Mumbai: SBI Pension Funds, which had its allocation cut in the current year, has performed better than its peers under the New Pension Scheme for government employees as of September-end.
SBI Pension Funds, that was given 40% of the total amount contributed by central and state government employees, gave an annualised return of 13.41% as on September 30, 2009.
The other two funds -- UTI Retirement Solutions and LIC Pension Funds -- gave returns of 12.73% and 10.57%, respectively, as per the New Pension System Trust.
As on October 23, 6.53 lakh government employees subscribed to the New Pension Scheme.
The Pension Fund Regulatory & Development Authority (PFRDA) had trimmed the allocation of funds to SBI Pension Funds to 40% from 55% earlier and UTI Retirement Solutions' share was brought down to 31% from 40% before.
The amount granted for management to LIC Pension Fund was increased to a sharp 29% from 5% earlier. "The fund allocation was based on the competitive yields that the three fund managers have been able to provide on the funds they have managed," D Swarup, chairman of PFRDA, had said while announcing the allocations for 2009-10.
There are two schemes under NPS, where investments can be in debt and equity.

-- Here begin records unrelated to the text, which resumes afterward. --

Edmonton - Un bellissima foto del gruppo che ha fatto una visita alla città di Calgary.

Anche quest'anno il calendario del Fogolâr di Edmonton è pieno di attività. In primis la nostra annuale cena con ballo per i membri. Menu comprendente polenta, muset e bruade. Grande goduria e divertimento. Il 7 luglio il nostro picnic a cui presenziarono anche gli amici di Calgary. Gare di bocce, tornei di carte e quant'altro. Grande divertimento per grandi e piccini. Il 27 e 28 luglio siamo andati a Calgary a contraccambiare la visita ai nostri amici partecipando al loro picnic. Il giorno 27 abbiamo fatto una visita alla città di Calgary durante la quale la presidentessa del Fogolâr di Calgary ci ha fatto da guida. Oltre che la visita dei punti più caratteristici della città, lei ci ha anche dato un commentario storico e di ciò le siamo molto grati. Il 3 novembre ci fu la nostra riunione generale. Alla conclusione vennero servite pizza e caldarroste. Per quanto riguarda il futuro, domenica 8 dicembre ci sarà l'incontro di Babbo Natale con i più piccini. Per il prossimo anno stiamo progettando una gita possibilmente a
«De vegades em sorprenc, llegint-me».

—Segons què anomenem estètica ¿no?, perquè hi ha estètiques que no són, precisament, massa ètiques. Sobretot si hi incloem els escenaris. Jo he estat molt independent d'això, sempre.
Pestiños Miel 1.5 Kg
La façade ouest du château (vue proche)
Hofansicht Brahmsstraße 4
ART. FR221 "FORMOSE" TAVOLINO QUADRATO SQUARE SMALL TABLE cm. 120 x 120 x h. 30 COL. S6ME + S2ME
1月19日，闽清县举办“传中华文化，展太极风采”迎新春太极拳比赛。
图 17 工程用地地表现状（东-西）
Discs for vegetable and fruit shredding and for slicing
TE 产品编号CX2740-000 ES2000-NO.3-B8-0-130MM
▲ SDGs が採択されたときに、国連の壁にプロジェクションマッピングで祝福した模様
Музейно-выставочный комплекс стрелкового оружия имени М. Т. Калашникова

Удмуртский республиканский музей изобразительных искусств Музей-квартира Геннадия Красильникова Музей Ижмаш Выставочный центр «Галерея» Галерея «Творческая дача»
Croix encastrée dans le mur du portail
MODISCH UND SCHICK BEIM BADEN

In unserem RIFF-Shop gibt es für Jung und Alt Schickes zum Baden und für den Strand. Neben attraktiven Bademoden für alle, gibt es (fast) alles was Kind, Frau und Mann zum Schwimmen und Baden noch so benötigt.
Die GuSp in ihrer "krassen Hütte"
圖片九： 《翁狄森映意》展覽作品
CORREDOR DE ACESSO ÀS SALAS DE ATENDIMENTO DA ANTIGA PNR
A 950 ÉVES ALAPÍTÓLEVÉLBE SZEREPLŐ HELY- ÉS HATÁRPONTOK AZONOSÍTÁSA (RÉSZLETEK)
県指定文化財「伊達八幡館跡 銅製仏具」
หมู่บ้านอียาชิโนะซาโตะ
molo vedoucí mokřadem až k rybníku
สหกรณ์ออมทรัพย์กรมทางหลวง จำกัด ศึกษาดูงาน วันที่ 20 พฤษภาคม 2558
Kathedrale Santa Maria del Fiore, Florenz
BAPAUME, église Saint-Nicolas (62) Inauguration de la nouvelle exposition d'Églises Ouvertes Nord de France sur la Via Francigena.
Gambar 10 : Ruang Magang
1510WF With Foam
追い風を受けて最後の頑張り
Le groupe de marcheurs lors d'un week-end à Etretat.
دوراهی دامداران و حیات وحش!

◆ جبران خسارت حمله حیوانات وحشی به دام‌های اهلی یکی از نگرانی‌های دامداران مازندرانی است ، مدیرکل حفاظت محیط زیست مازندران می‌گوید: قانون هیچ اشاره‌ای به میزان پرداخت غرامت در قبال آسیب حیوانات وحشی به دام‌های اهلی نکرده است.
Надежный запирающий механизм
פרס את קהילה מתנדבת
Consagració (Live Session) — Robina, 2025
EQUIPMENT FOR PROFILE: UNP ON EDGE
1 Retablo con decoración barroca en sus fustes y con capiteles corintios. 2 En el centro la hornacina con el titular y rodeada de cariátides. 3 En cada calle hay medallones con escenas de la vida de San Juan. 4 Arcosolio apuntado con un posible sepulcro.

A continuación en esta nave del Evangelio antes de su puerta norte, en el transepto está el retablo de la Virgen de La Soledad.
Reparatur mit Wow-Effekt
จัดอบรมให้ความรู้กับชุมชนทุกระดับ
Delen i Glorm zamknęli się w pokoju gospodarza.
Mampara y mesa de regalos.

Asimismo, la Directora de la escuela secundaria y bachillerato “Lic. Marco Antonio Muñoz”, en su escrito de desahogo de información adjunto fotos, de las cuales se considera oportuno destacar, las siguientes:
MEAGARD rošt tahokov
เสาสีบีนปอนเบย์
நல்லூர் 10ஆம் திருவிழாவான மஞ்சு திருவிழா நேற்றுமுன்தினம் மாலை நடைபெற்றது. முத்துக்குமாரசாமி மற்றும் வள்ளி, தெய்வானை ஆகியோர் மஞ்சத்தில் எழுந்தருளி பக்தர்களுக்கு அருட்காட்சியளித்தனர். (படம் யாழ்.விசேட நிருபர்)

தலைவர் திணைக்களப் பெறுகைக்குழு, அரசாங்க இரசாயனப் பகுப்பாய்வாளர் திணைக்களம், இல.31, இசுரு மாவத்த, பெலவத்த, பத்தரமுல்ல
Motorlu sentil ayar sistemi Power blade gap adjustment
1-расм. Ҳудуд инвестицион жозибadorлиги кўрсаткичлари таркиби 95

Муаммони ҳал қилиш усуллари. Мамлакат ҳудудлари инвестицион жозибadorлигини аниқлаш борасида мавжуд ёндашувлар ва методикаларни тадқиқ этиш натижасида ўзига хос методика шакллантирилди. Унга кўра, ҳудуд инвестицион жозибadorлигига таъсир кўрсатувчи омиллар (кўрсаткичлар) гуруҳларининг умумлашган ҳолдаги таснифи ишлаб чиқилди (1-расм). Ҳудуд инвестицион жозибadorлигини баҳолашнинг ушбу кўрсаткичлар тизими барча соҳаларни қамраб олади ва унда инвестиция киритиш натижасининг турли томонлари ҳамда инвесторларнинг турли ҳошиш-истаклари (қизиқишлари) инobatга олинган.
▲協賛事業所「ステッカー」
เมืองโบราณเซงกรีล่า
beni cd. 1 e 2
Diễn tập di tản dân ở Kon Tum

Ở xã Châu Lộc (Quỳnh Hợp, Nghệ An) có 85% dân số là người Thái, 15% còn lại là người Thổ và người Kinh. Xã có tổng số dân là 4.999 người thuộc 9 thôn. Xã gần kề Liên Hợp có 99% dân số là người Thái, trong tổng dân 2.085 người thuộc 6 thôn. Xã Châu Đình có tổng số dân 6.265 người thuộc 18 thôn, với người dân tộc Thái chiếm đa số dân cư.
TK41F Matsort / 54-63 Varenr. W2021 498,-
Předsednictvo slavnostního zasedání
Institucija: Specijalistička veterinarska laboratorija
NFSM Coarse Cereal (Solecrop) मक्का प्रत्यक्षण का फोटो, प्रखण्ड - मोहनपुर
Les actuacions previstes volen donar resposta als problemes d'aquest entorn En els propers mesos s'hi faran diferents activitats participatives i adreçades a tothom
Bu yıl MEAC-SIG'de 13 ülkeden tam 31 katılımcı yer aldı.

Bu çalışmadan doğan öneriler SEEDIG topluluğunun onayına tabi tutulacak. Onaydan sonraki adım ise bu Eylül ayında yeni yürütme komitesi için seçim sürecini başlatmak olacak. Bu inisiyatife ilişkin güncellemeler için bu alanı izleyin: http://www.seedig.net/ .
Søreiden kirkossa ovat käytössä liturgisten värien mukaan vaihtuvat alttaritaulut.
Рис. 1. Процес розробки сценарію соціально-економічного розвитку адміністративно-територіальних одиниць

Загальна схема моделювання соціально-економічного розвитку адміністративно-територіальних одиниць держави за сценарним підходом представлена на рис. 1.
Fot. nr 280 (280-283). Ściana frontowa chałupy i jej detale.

In 2008-09, the operational scheme was where 85% of the funds have to be parked in government securities and bonds, while direct equity allocation can be 5%. The balance 10% can be allocated to equity-linked mutual fund schemes or private-sector debt
products.
Under the NPS, government employees who have joined after January 1, 2004, have to contribute 10% of their salary and daily allowance to the scheme and a similar amount is contributed by the government.